(Data to use)

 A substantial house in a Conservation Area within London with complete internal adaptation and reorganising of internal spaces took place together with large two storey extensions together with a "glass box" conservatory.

(End Data to use)
(Data to use)

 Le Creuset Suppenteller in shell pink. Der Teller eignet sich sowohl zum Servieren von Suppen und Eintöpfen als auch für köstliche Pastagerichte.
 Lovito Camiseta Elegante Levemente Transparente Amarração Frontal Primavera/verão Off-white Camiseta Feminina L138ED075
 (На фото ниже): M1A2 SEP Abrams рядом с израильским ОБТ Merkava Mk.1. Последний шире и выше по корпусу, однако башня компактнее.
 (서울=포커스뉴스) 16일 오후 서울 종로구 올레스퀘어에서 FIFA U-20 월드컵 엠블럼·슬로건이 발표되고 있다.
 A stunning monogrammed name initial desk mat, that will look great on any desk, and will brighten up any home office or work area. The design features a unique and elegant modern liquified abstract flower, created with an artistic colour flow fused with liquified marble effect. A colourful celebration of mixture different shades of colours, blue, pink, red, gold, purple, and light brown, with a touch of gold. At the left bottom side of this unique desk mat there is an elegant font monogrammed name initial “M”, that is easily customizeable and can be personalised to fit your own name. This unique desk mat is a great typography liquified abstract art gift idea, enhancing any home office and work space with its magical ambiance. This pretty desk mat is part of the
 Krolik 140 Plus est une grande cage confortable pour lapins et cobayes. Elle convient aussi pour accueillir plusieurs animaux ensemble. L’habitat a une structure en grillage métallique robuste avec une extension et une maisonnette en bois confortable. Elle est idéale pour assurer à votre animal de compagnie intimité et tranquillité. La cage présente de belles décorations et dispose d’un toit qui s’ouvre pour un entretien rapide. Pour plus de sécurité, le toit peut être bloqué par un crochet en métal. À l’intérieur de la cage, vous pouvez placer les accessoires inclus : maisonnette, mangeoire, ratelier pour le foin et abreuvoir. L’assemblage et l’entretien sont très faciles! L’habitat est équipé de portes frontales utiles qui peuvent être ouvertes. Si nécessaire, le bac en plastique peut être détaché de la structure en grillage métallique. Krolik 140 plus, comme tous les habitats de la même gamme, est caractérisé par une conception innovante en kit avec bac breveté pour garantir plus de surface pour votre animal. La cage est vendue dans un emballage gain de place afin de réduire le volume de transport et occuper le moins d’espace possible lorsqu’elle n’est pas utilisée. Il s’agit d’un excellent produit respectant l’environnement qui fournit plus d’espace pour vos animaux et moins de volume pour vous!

(End Data to use)

Proceeding from the line containing "(На фото ниже): M1A2" through the line containing "(서울=포커스뉴스) 16일 오후", transcribe the lines above exactly, both end lines included.

 (На фото ниже): M1A2 SEP Abrams рядом с израильским ОБТ Merkava Mk.1. Последний шире и выше по корпусу, однако башня компактнее.
 (서울=포커스뉴스) 16일 오후 서울 종로구 올레스퀘어에서 FIFA U-20 월드컵 엠블럼·슬로건이 발표되고 있다.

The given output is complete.